I have a constant at the top of my code...
__constant uint uintmaxx = (uint)( (((ulong)1)<<32) - 1 );
It compiles fine on AMD and NVIDIA OpenCL compilers... then executes.
(correct) on ATI cards, returns... 4294967295 or (all 32 bits = 1)
(wrong) on NVIDIA cards, returns... 2147483648 or (only 32'nd bit = 1)
I also tried -1 + 1<<32 and it worked on ATI but not NVIDIA.
What gives? Am I just missing something?
While I'm on the topic of OpenCL compiler differences, does anyone know a good resource that lists the compiler differences between AMD and NVIDIA?
OpenCL conveniently provides that for you already. You can use the predefined UINT_MAX in your kernel code and the implementation will guarantee that it holds the correct value.
However there is also nothing wrong in the method you use. The spec guarantees that uint is 32bits and ulong 64bits, ints are twos complement and everything that is not explicitly mentioned works exactly as is written in C99 spec.
Even just this should work and give you the correct result: uint uintmaxx = -1;
It seems that NVidia just has a broken compiler, if not I really hope I'll be corrected on the issue.

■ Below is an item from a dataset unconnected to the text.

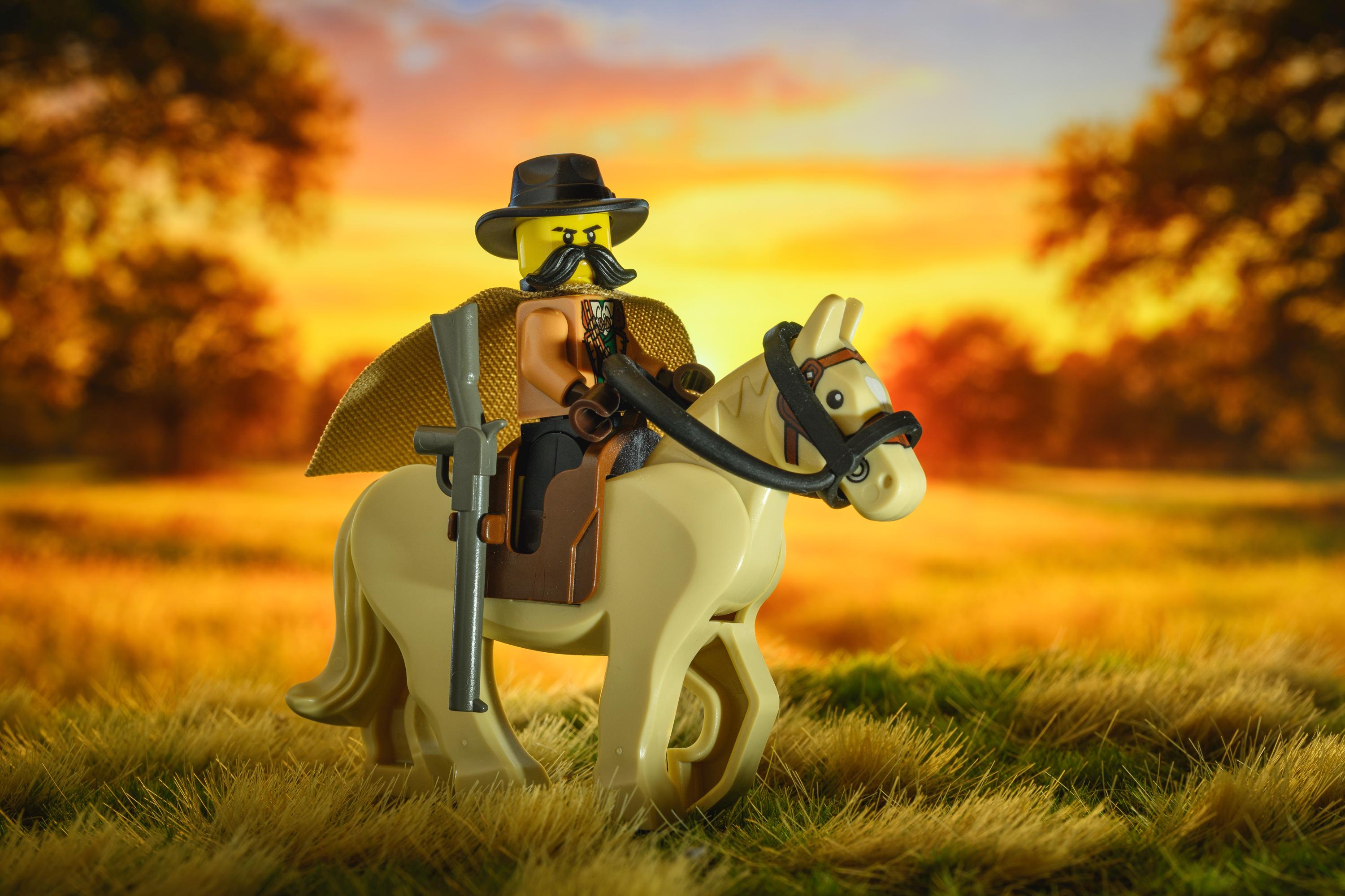 This original photography print captures a rugged cowboy sheriff in pursuit of a fugitive across a dusty western landscape—reimagined in LEGO with cinematic detail. The scene evokes the tension of a classic Wild West chase, where every decision matters and the line between law and outlaw is razor thin.

The really odd part there is that how on earth the 32nd bit is 1? Shift to left by 32 moves the original bit to the 33rd place. So what on earth places a bit in the 32nd spot? The only thing I got in my mind is that they don't respect operator ordering at all and transform the formula into (ulong)1 << (32-1) or something like that.
You probably should file a bug report. But to be frank considering that they hate OpenCL as much as Microsoft hates OpenGL, if not even more, I wouldn't really anticipate fast response times.